This may be a bug. Or me not understanding the tool well enough.
I seeded a backup (generated by BorgBackup) on B2 last week. Because this was a large transfer [and my home upstream bandwidth is abysmal], I first rcloned the files to my laptop and from work, rcloned it again to B2. That part went smoothly enough. I used the MacOS version of Rclone (v1.42) to accomplish this.
The problem manifested itself when I did my incremental backup on Borg and attempted to sync the result to B2. This was done from my backend server (Ubuntu, also v1.42 of Rclone). I used the following command:
2018/07/28 10:10:51 INFO : README: Copied (replaced existing)
2018/07/28 10:10:51 INFO : config: Copied (replaced existing)
2018/07/28 10:10:52 INFO : data/0/10: Copied (replaced existing)
2018/07/28 10:10:52 INFO : data/0/100: Copied (replaced existing)
I was fairly confident some of these files had not changed since my initial seeding. I checked on backblaze.com and indeed, I had several versions of these files. The modified time (metadata on B2) and SHA1 were identical. It seems like those files should have been skipped during the sync process.
Workarounds:
I was able to get around the issue several ways using the following flags:
The --checksum flag rclone sync -v --checksum /path/to/borg/backup b2:bucket-name
This made the sync operation much slower so it's not a great work around...
By using the --update flag rclone sync -v --update /path/to/borg/backup b2:bucket-name
This was faster than the --checksum flag above. It felt a little too open ended to me so I opted for the next one.
By using the --modify-window 1s flag rclone sync -v --modify-window 1s /path/to/borg/backup b2:bucket-name
I tried smaller windows like 500ms but those didn't work.
This is caused by the time precision on the linux machine being 1ns but on the mac only 1s.
Unfortunately b2 can’t update the timestamp of an existing object (it is part of the immutable object) so rclone has to upload it again to update the timestamp. -vv will give more detail on what is going on.
It looks like you’ve found all the work-arounds. I would use the --modify-window one, and 1s is the correct value since that is the precision of most macOS file systems.
Do you know which file system you are running on your mac? I know that the old HFS+ file system only has 1second resolution but I think I read that there is a newer file system that mac's use now.

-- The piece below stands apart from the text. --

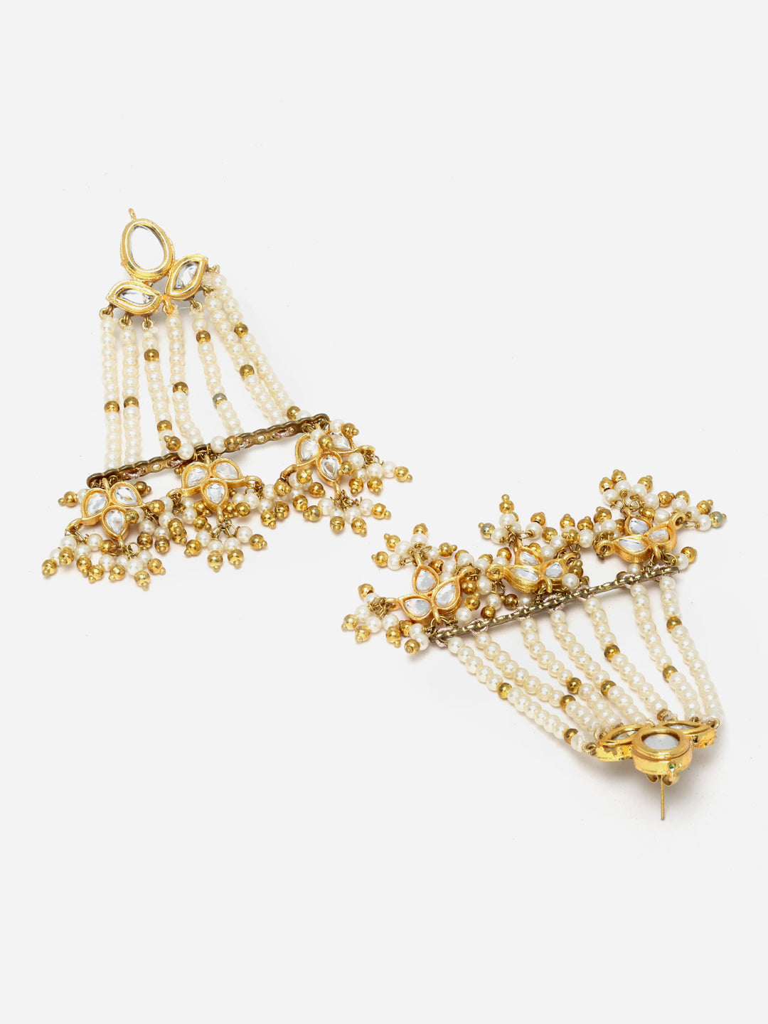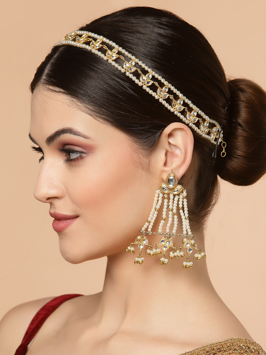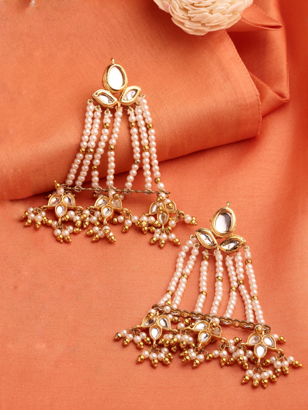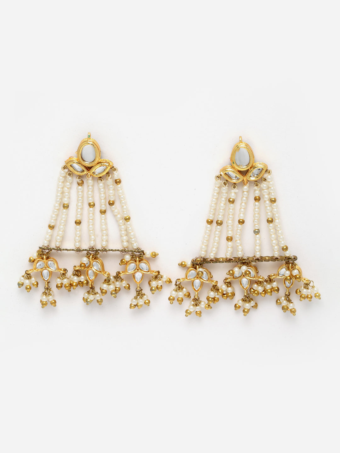 Gold And White Classic Combo Earring To Flaunt This Festive Season Is A Must For Any Wardrobe.; Category Of Jewellery Is Earring; Sub Category Is Drop; Ideal For Women; Color Is Gold, Cream; Gemstones Used - Kundan, Pearls, Natural Stones; Plating Is Gold-Plated; Base Metal Is Alloy; Other Material Used - Closure Stopper And Kanchain; Size Is Freesize; Adjustable - No; Weight Is 42 Gms; Mesaurements - Length Of Earring= 9 Cm; Width Of Earring =5.1 Cm; Adjustable - No; Content 1 Pair Earring

If you use ls -l --full-time on a Linux machine that will show you the full precision of the timestamps. I don't think that is supported by the macOS ls though. You can use rclone to see what it thinks rclone lsl --max-depth 1 . too.
From what I read online, APFS uses nanosecond based timestamps. I'm guessing that rclone doesn't support APFS's higher resolution timestamps yet?
Or perhaps a regression related to this:
What version of the go runtime is used in MacOS Rclone?
It would probably be worth touching a file (or making a new file with touch) just to make sure as these files might have been copied from a FS with second precision?
Ah, I just remembered stat should show you the full time precision - what do you get if you stat those files?
I made an rclone beta compiled with a recent go beta compiler:
OK so the reading and setting of ns precision timestamps is working. rclone uses the same API as that test program so it should work too. I'm not sure why not though. Is it something to do with the export of the APFS? I don't really understand how your system is setup!
Correct me if my thinking is wrong. The above command is ran from my mac and reading a remote (Linux) system. We verified that the remote system contains the ms resolution. How does the mac filesystem come into play during this command? Does rclone determine the resolution supported by the local filesystem and display the supported local resolution (even though the resolution on the remote is greater)?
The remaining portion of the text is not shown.